In a hearing this week, Circuit Court Judge Richard A. Brueggemann ruled in favor of the Kentucky businesses and granted their request for a temporary restraining order. 

The order stops the statewide enforcement of the Governor’s executive orders as they apply to childcare centers and car racetracks.

“Over the course of the COVID-19 pandemic, Governor Beshear’s restrictive executive orders have shuttered the Commonwealth’s economy, leaving nearly half of our workforce unemployed and dictating the manner in which Kentuckians can live their lives,” said AG Cameron. 

The lawsuit argues that since Beshear declared an emergency on March 6, 2020, he has arbitrarily issued "complex, overbroad, and often conflicting orders."

Cameron argues that the Governor has the right to protect the Commonwealth and its citizens from a public health emergency. But, the law requires that the Governor’s actions and orders be targeted and proportional to the threat the Commonwealth is confronting.

Beshear's office called the ruling "dangerous," saying it would lessen important protections that many states use.

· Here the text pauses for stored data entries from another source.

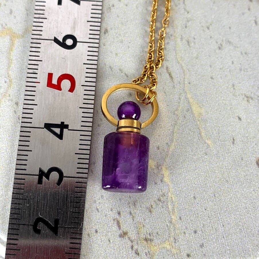 深い紫が美しいアメジストのミニ香水瓶ペンダント (192)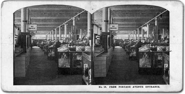“Meat packing room.” Winnipeg was the wholesale meat capital of the prairies, being home to such large firms as Swifts (shown here) and Gordon, Ironside & Fares. This undated stereoview by the Keystone View Company was intended for educational use, with text and questions on the back side to encourage viewers to ponder its subject matter: “Upstairs in this meat packing house the telephone has been ringing busily this morning. The butchers of Winnipeg, Canada, need many things for their meat markets today. The orders are written down and taken down to the shipping room. The order clerk hands the orders to the men and they hurry to fill them.”
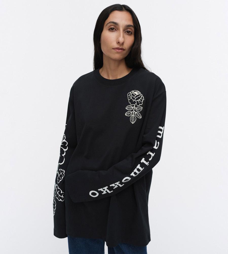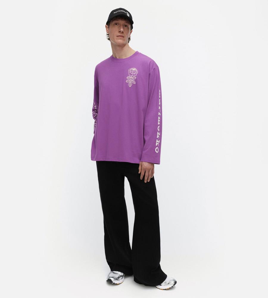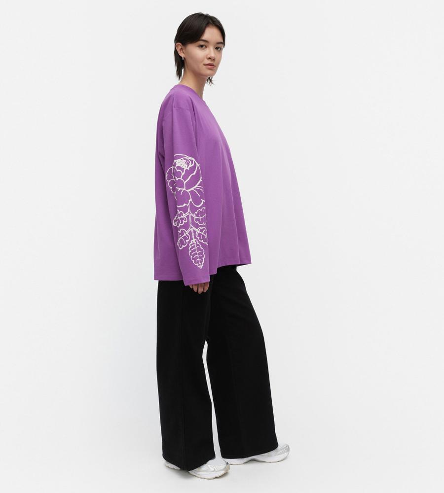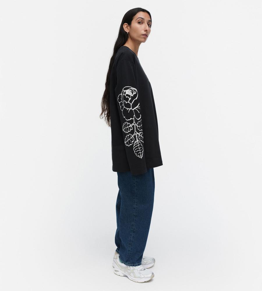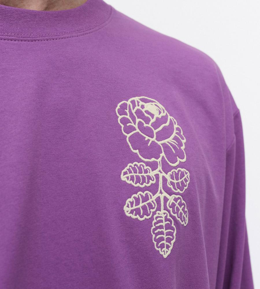 胸元とスリーブの花柄使いが可愛いカットソー。シンプルなワンツーコーデも、存在感ある仕上がりに。裾をボトムインすることで、雰囲気を変えてスタイリングを楽しめます。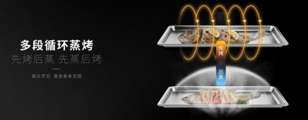蒸烤功能实现了多段循环,自由烹饪,激发美食灵感。150℃高温蒸,高效脱脂减盐迅速锁鲜;创新应用双蒸汽发生器,双直喷大蒸汽,轻松穿透食物,锁住食材鲜美。在烤功能上,创新研发双NTC探头,上下独立控温,配合3重隔热门技术,牢牢锁住热量,230℃高温热场烤,加热上色更均匀!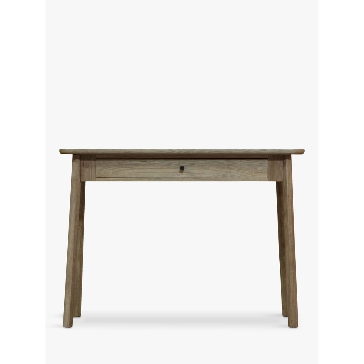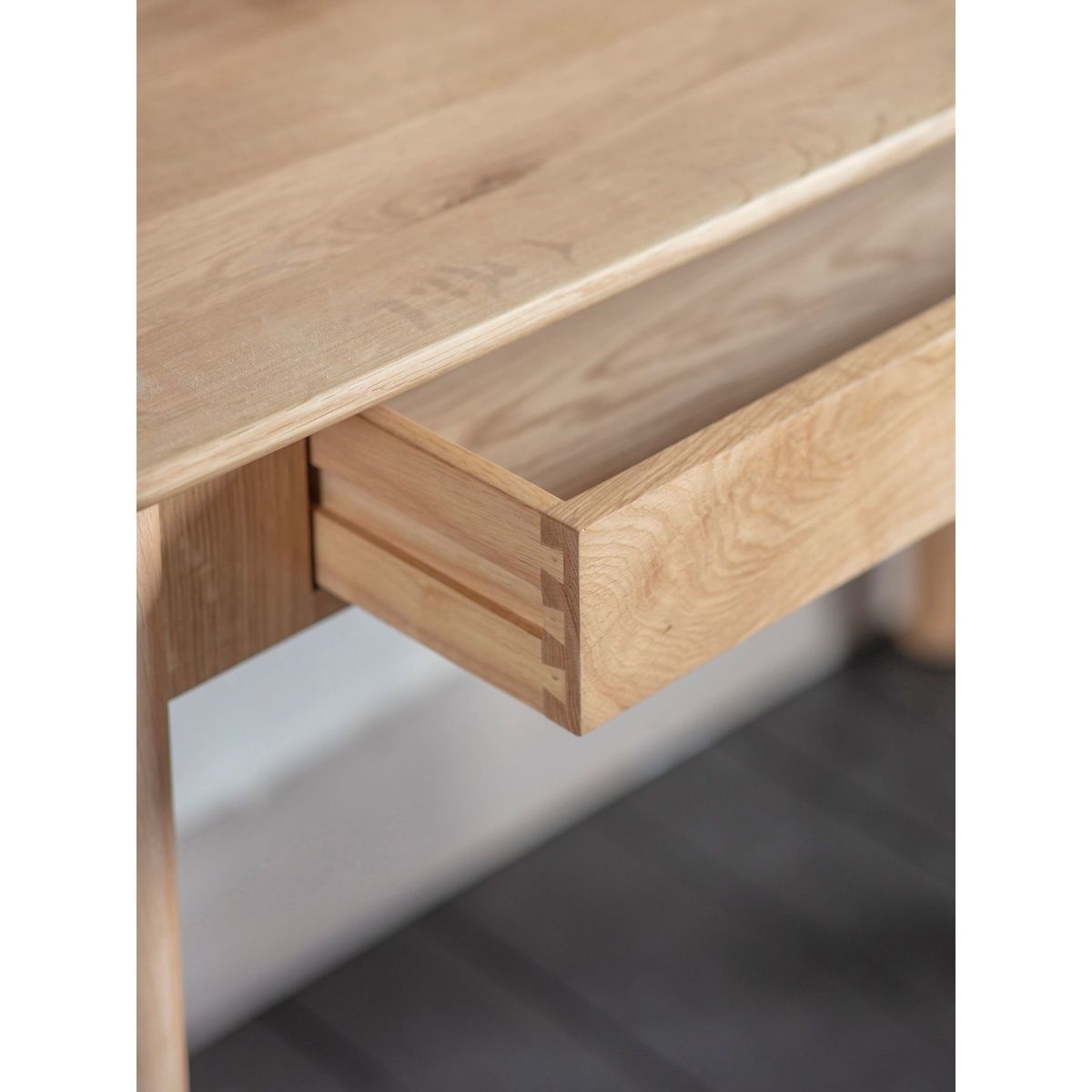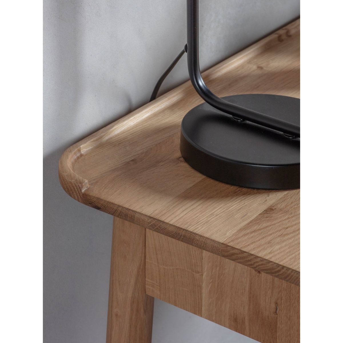This console table captures the style of Scandi-minimalism with a design that's well-suited in both modern and rustic-inspired interiors. It's made from solid European oak in a natural dry sheen finish that highlights the wood grain and it's built with dovetail joints for durability. The depth of the table makes it ideal for smaller spaces or hallways and its curved surface top has a slightly raised edge that lends a practical and softer design detail. Doubles up as a desk The robust build of this table means you can also use it as a desk. The drawer is useful for paperwork and other essentials. Want to see it first? You may want to see and get a feel for the furniture in one of our shops before ordering. We'll be able to tell you where the range you'd like to view is on display.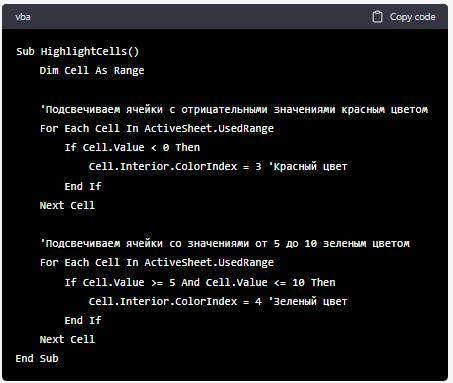 Конечно, вот пример макроса на VBA для Excel, который будет подсвечивать ячейки с отрицательными значениями красным цветом, а ячейки со значениями от 5 до 10 зеленым цветом: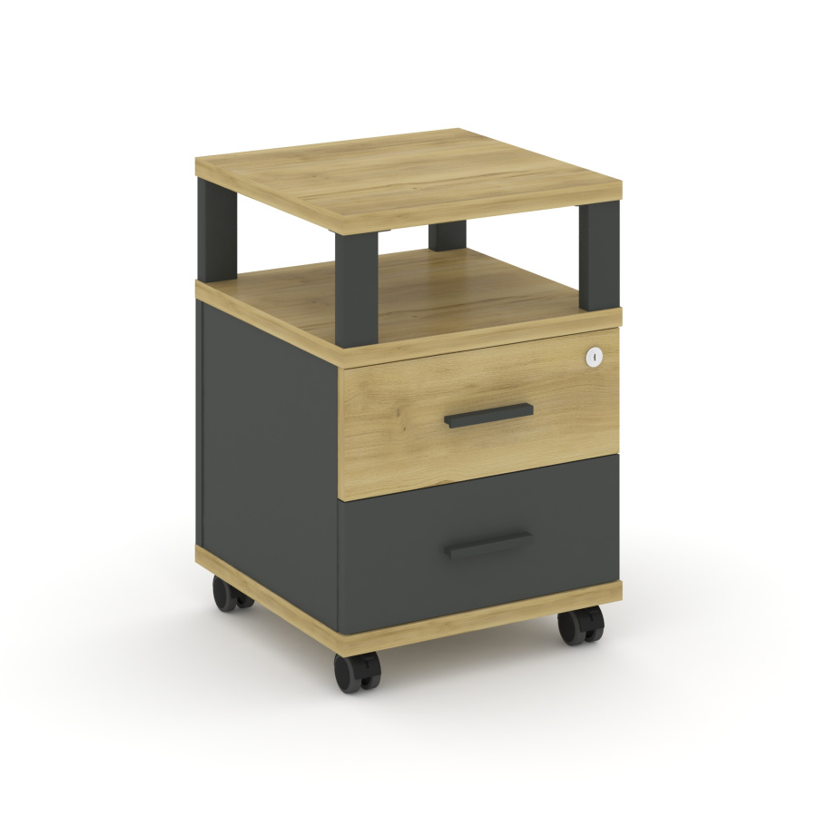 Concept Тумба мобильная 2 ящ. с надставкой CN.TUM-002 A Дуб Винченцо/Антрацит/Металл Антрацит 420*420*615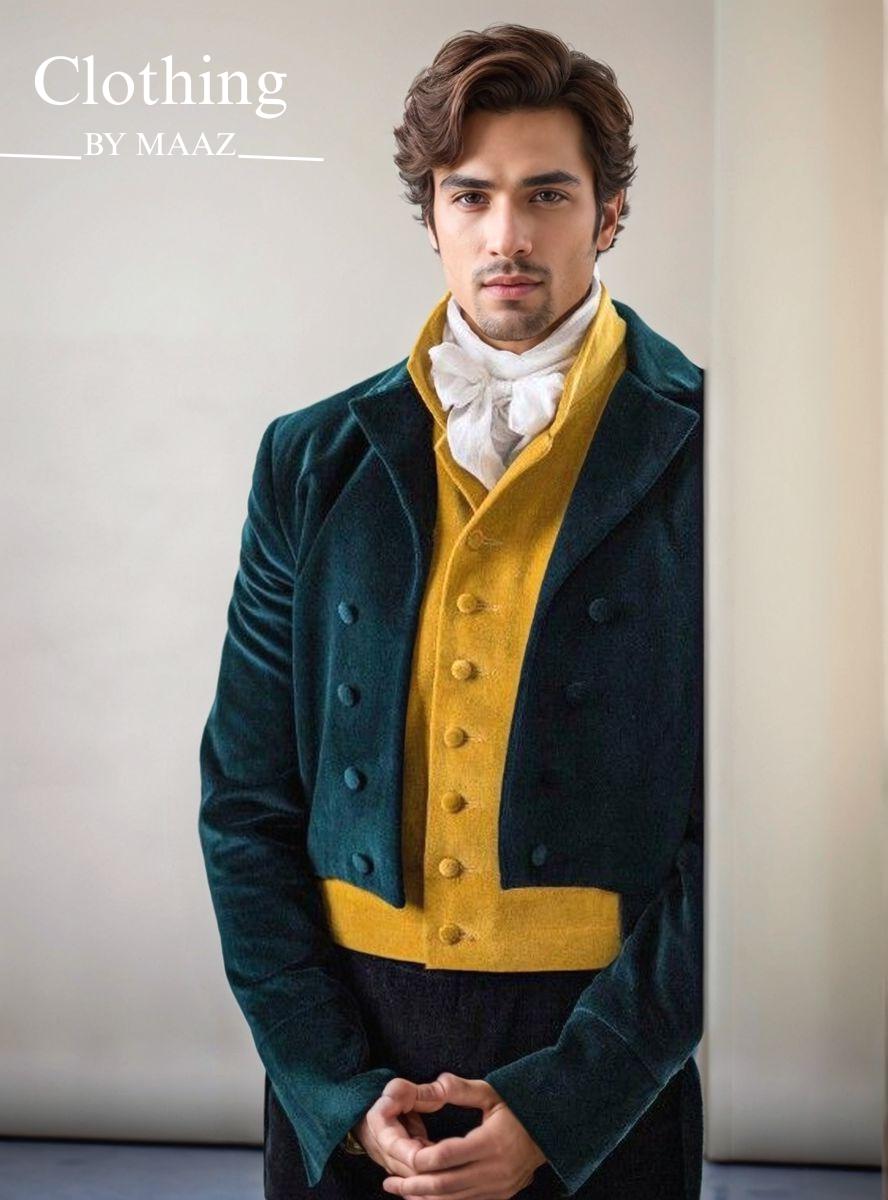 Custom Fit Style: Tailored to provide a sharp, flattering silhouette that enhances your appearance. The fit is designed to reflect the elegance of the Regency era.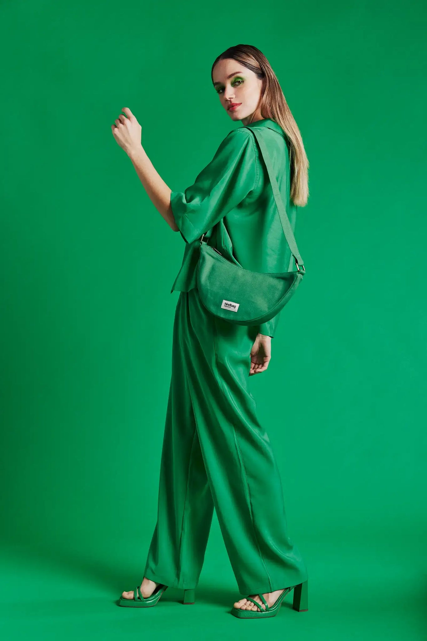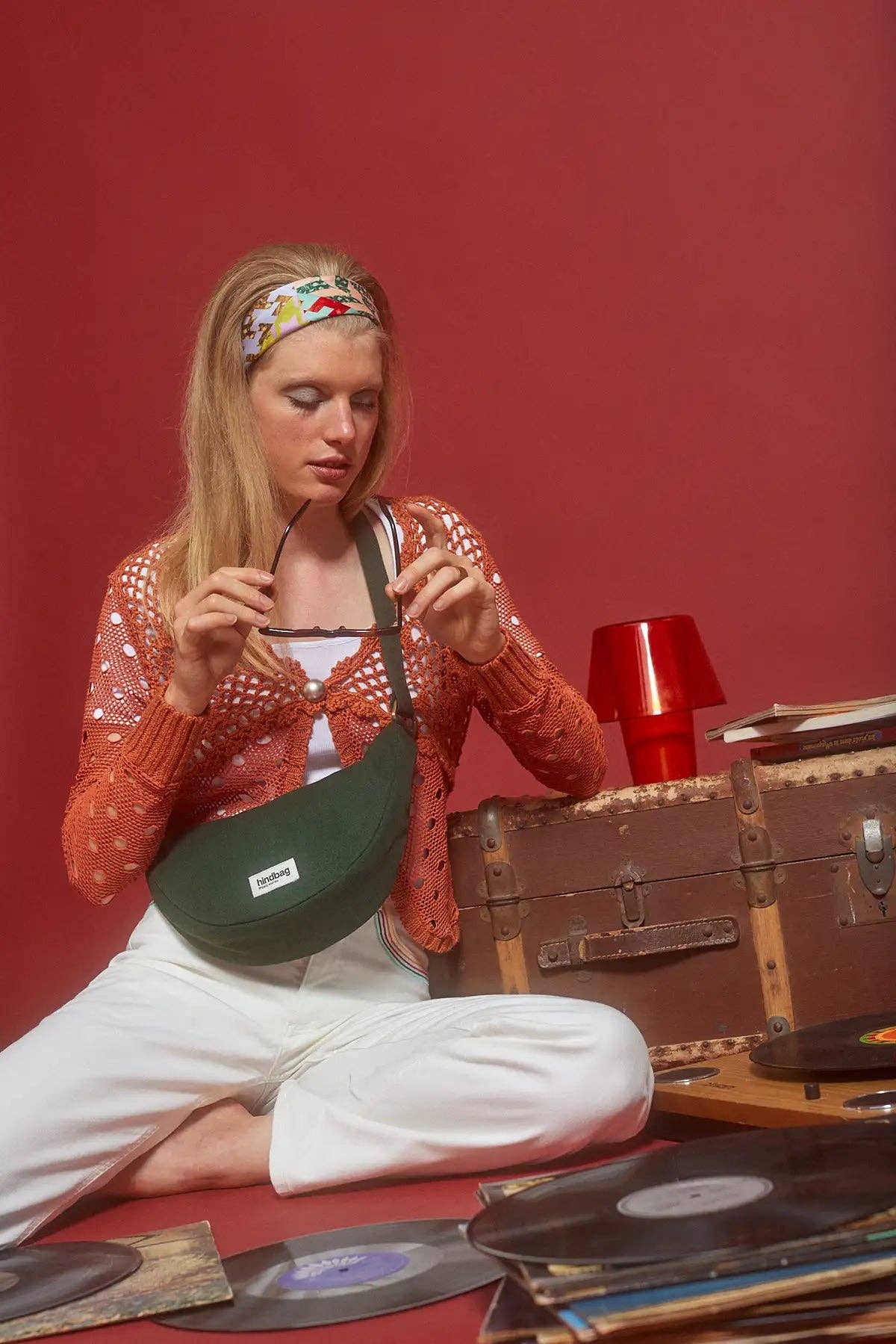 A forma di mezzaluna, la borsa Andrea è a metà strada tra il marsupio e la tracolla. Super pratica con la sua apertura sulla parte superiore e la tasca con zip sul retro. Il suo look si adatta a tutti i desideri. Può essere indossata a tracolla corta o lunga, davanti o dietro, come a spalla. Caratteristiche: * Dimensioni: L32 x H16 x P8 cm * Cotone biologico GOTS spesso e resistente (500g/m2) * Tutte le nostre borse e accessori sono realizzati dalla nostra ONG partner indiana SSMI che lotta per l'emancipazione delle donne di un quartiere svantaggiato di DELHI

"The ruling lessening day care protections comes on the same day that we learned 300 children in Texas day cares have contracted the virus," the governor's office said. "We will be filing the appropriate papers to move this case directly to the Court of Appeals and state Supreme Court. An attorney general should protect people, not put their lives in danger.”

The case continues, and the court will now consider each of the Attorney General’s claims, including that the Governor has violated the rights enshrined in Section 1 of the Kentucky Constitution, acted arbitrarily in violation of Section 2, and failed to provide due process to those Kentuckians of whom he has taken away rights.